Worrying about whether elementary students learn the national anthem or not is the kind of thing Kim Jong Un would do.
Anonymous
If it is important to you, teach your own child.
Anonymous
Anonymous wrote:If it is important to you, teach your own child.


This!
Anonymous
Anonymous wrote:I never learned the national anthem in school - I learned the Pledge of Allegiance. So far, same with our children. They learn the national anthem from attending/watching sporting events!
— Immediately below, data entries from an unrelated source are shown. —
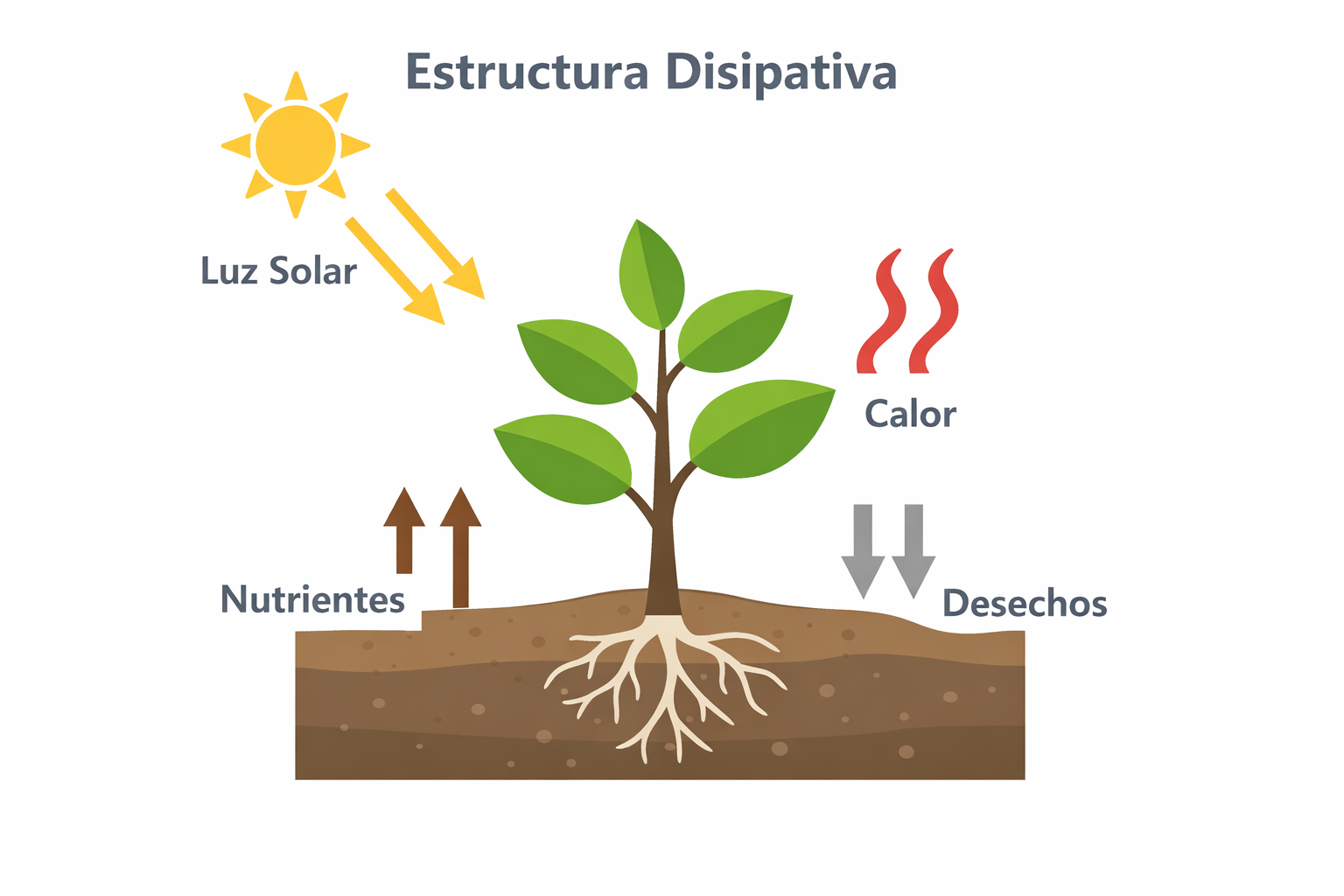 Las estructuras disipativas son estructuras coherentes y autoorganizadas como sistemas abiertos alejados del equilibrio, que requieren un intercambio de energía y/o materia con su entorno para autosostenerse. Presentan un alto grado de orden, lo que provoca su irreversibilidad.
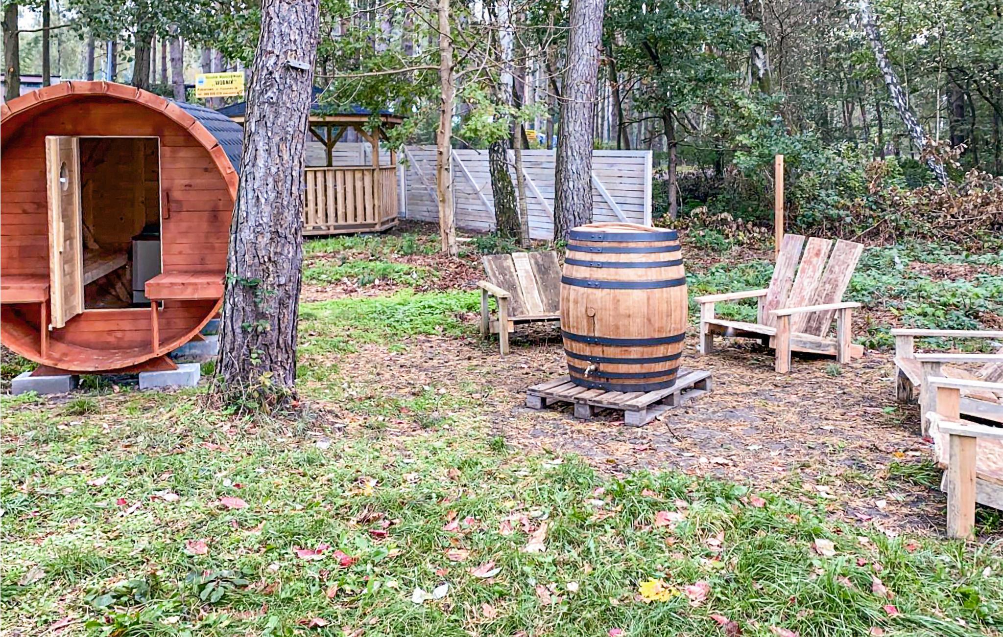 Tilbring en afslappende ferie med jeres familie og jeres hund i denne træhytte i et indhegnet område. Sommerhuset er udstyret med alt hvad I behøver til jeres ferie ved den polske østersøkyst. Nyd jeres morgenkaffe og morgenmad på jeres terrasse. Børnene kan derefter lege i det familievenlige fællesområde. Her er masser af legetøj og en legeplads. Om aftenen kan I sidde rundt om bålet med de andre gæster og nyde en drink og bage snobrød.
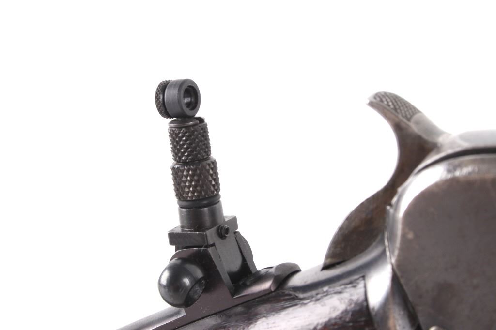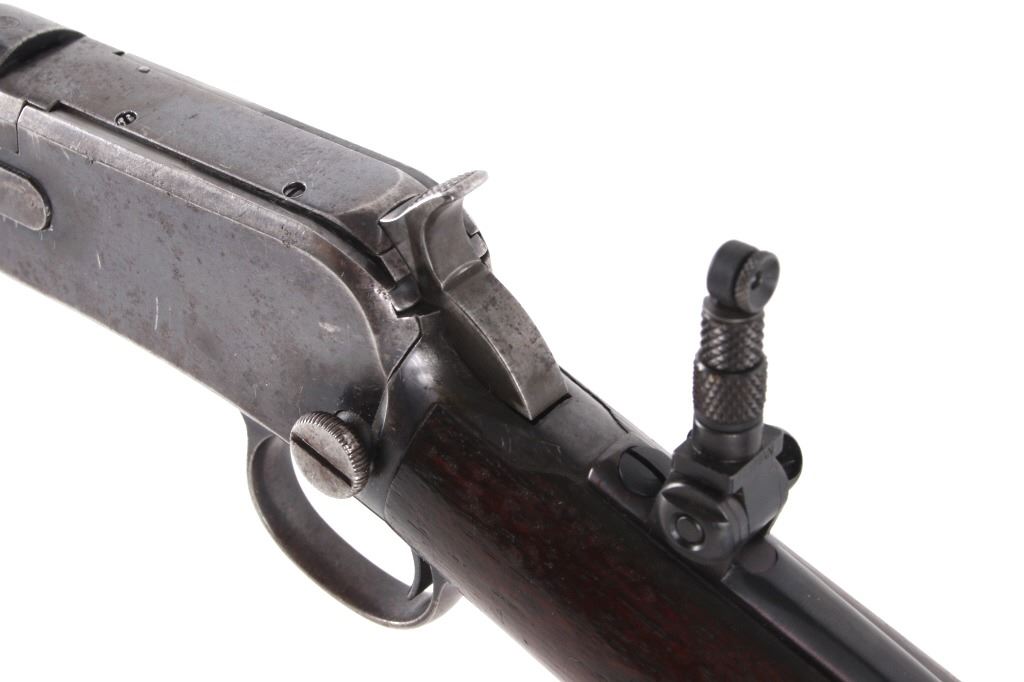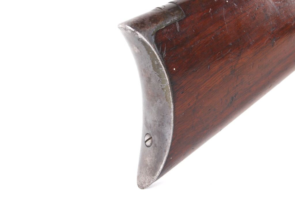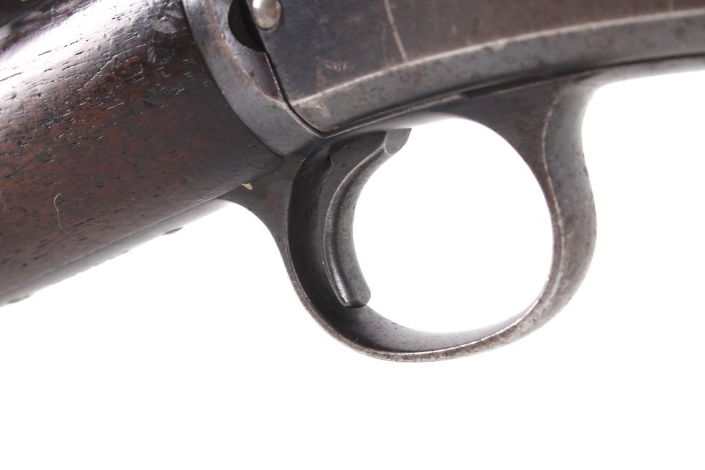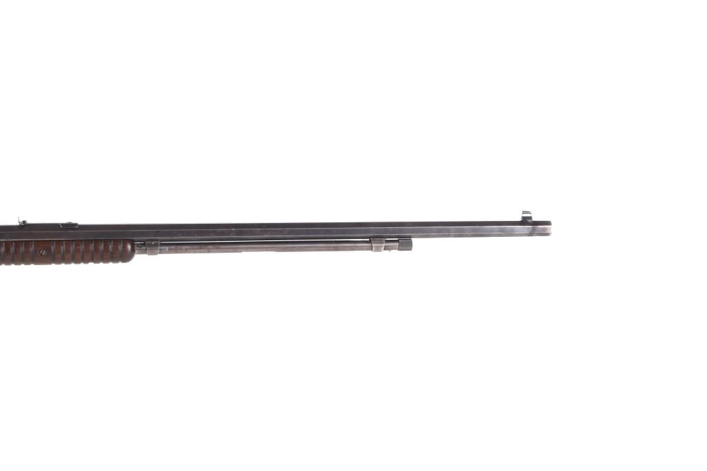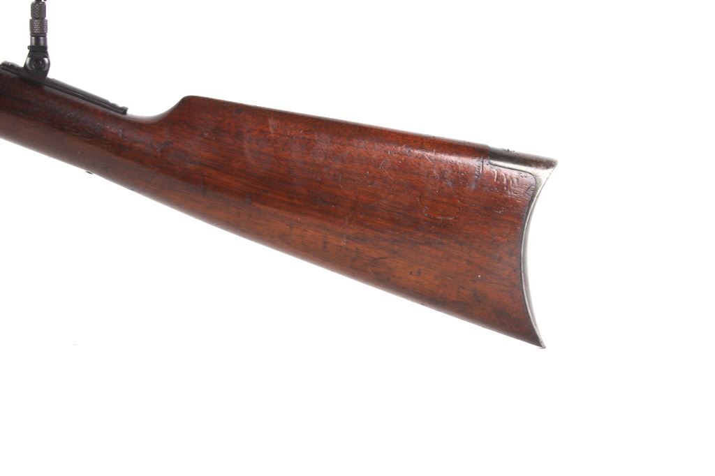 Featured in this lot we have an early Winchester Model 1890 pump action rifle in .22 W.R.F. caliber, serial number 409511, manufactured in 1909. The rifle features a .22 W.R.F. chambering along with its standard 24" long barrel, walnut stock, and distinctive slide action. All Winchester markings and patent dates on the barrel are sharp and distinct as is the “MODEL 1890” stamping. The barrel ahead of the receiver is clearly marked “22 W.R.F.” and the upper tang retains good Winchester markings. This rifle also retains the original buckhorn rear sight with an aperture tang sight.The front sight is the correct short blade with bead. The action is tight and the forend is excellent. The forend screws are also in excellent condition . The butt stock is an uncleaned dark reddish/brown walnut that Winchester was known for. The takedown fit between the receiver and barrel assembly is also tight with no play and the bore retains good rifling. The Model 1890 was one of the most iconic and successful of all 20th Century .22 Rim Fire rifles. Most saw hard use in target shooting, small game hunting and general plinking. Very few have survived in presentable condition today. This is an outstandingly 115 year old Winchester. The rifle weighs 5lbs 10oz. Serial Number: 409511. This firearm qualifies as a Curio & Relic firearm, and requires FFL Transfer or NICS Background Check.

Another for sporting events! And learned the Canadian anthem from hockey games (a much better sounding one IMO)
Anonymous
Oh Canada!
Anonymous
Anonymous wrote:
Anonymous wrote:I never learned the national anthem in school - I learned the Pledge of Allegiance. So far, same with our children. They learn the national anthem from attending/watching sporting events!


Another for sporting events! And learned the Canadian anthem from hockey games (a much better sounding one IMO)


+1 All summer swimmers know it because they sing it before every meet.
Anonymous
Unusual Question.

My husband and I are wondering why our daughter, age 9 and third grade, in a Blue Ribbon Montgomery County public school has never been taught the Star Spangled Banner, the national anthem of the United States? We both remember learning this as a child in music class.

Any insight?



The only time we hear the anthem is not in school but at sporting events (e.g., summer swimming every week and the like)
Anonymous
It's very hard to sing, so kids don't learn it until they're older. (The tune is actually an old British drinking song that we just slowed down a bit to make it an anthem. So that's why it's hard to sing the melody sober.)
Anonymous
Ramona Quimby's kindergarten class sang it every morning. She thought it was a song about a dawnzer that gives lee light. So, clearly that patriotism was driven in her at an early age.
Anonymous
Anonymous wrote:Ramona Quimby's kindergarten class sang it every morning. She thought it was a song about a dawnzer that gives lee light. So, clearly that patriotism was driven in her at an early age.


In one of Beverly Cleary's autobiographies, she writes that this is what she herself actually thought, in real life.

(I'm saying this in case somebody points out that Ramona Quimby is a fictional character.)
Anonymous
My daughter learned it in third grade at a MoCo school, along with a bunch of other patriotic songs.